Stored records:
---
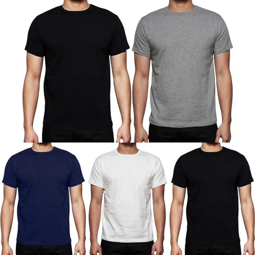 Gaffer Mens T Shirts Plain Crew Neck Cotton Top Tees Workwear Undershirts Gym Running Workout Classic Basic T-Shirt Short Sleeve 5 Pack - Assorted S
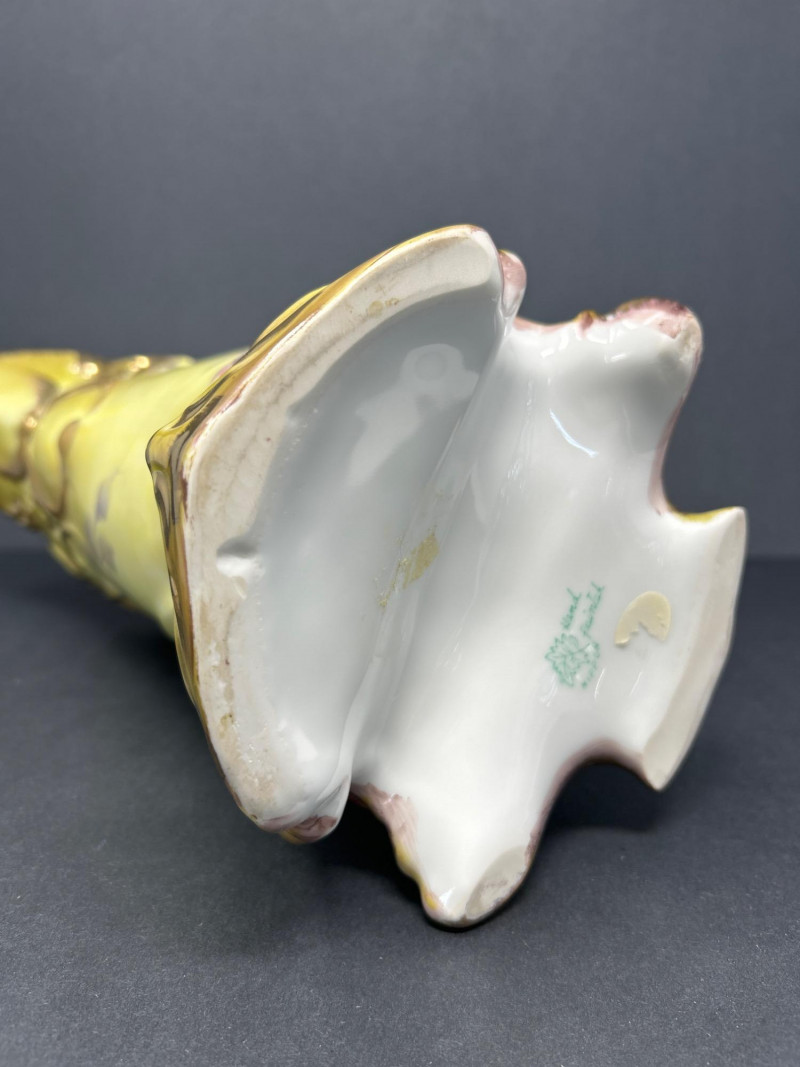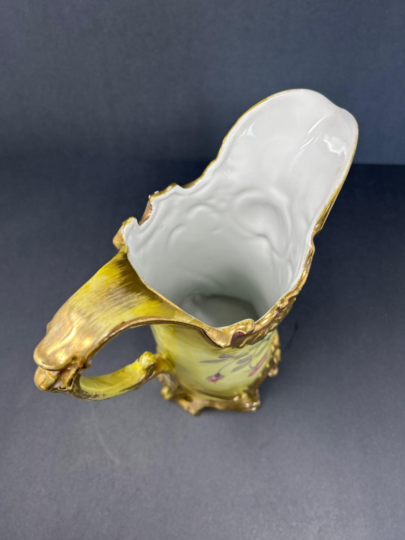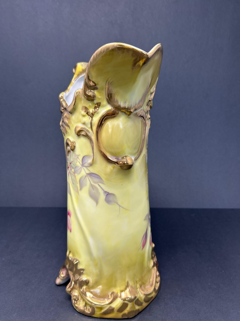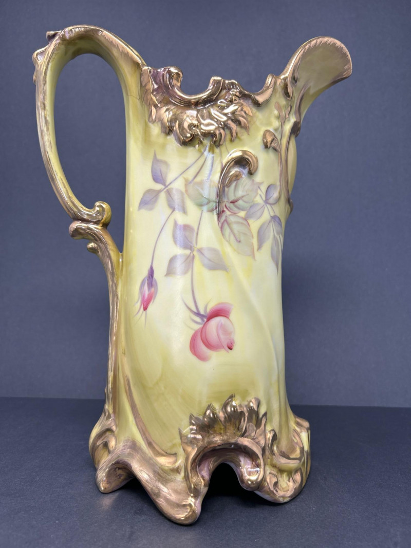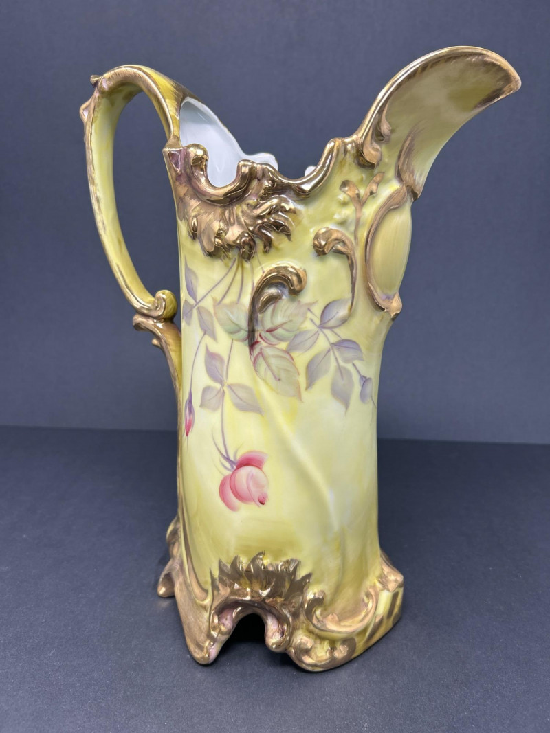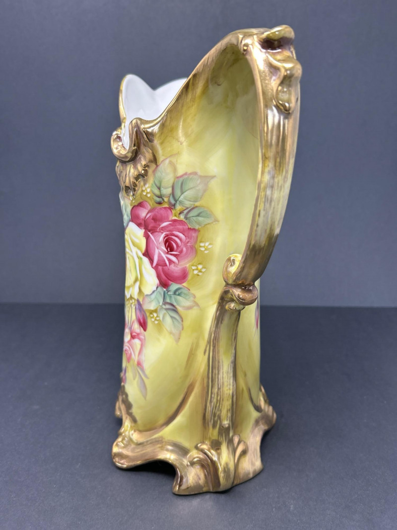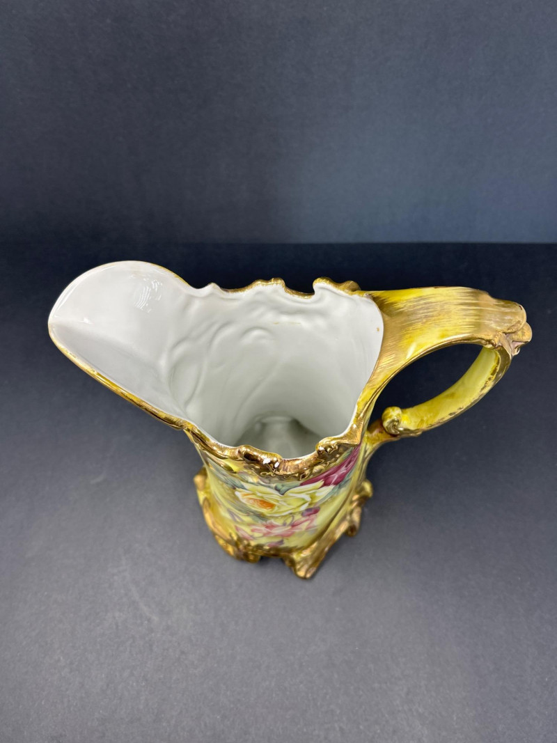 A stunning porcelain pitcher, featuring a soft yellow background adorned with hand-painted roses in shades of pink, cream, and red, accented by ornate gold detailing around the rim, handle, and base. The sculptural form and floral artistry reflect the elegance of early 20th-century Japanese export ware. Origin: Japan (Nippon era, circa 1891–1921) Material: Porcelain Design: Roses with raised gold accents Collector’s Note:
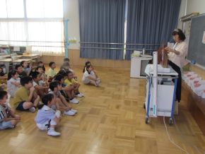 (左)今朝、1~3年生と特別支援学級で読み聞かせがありました。「ちいさなにわ」さん、いつもありがとうございます。
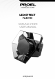 115 – 137 138 – 160 161 – 183 184 – 206 207 – 229 230 - 255 Automatico 5 Musicale 1 Musicale 2 Musicale 3 Musicale 4 Musicale 5 MANUTENZIONE Per mantenere elevata la qualità delle prestazioni di PLLED150, è fondamentale una pulizia regolare degli elementi dell’asse ottico, così come dei fori di aerazione e della ventola di raffreddamento. Importante! Polvere eccessiva, depositi di fumo ed altre scorie riducono le prestazioni e causano surriscaldamento. Questo tipo di danni non è coperto da garanzia.
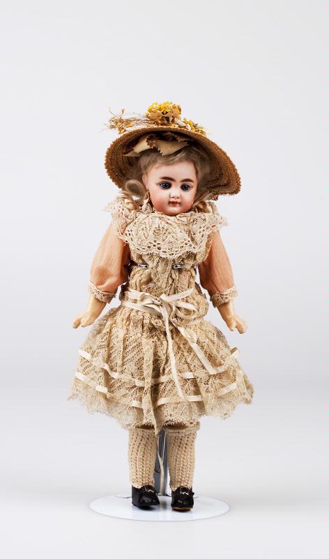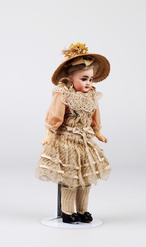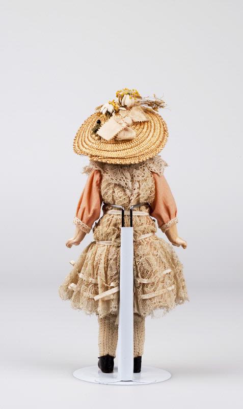 Docka. Huvud av porslin med gult riktigt hår blå ögon av glas. Kropp av massa, axlar höfter och knän ledade. Fabrikskläder. Linne och byxor i ett, underkjol av tarlatan med spetsar. Klänning av rosa tarlatan med överklänning av gula spetsar med genomdragna rosa band, ärmar av rosa ylle. Hatt av halmflätor garnerat med rosa prästkragar. Vita strumpor, svarta skor.
---
▸ **WHAT IS NEEDED**:
Copy exactly the lines that run from the one containing "115 – 137 138" to the last line of the records, both included, and leave out every picture.

▸ **RESULT FOR THIS TASK**:
 115 – 137 138 – 160 161 – 183 184 – 206 207 – 229 230 - 255 Automatico 5 Musicale 1 Musicale 2 Musicale 3 Musicale 4 Musicale 5 MANUTENZIONE Per mantenere elevata la qualità delle prestazioni di PLLED150, è fondamentale una pulizia regolare degli elementi dell’asse ottico, così come dei fori di aerazione e della ventola di raffreddamento. Importante! Polvere eccessiva, depositi di fumo ed altre scorie riducono le prestazioni e causano surriscaldamento. Questo tipo di danni non è coperto da garanzia.
 Docka. Huvud av porslin med gult riktigt hår blå ögon av glas. Kropp av massa, axlar höfter och knän ledade. Fabrikskläder. Linne och byxor i ett, underkjol av tarlatan med spetsar. Klänning av rosa tarlatan med överklänning av gula spetsar med genomdragna rosa band, ärmar av rosa ylle. Hatt av halmflätor garnerat med rosa prästkragar. Vita strumpor, svarta skor.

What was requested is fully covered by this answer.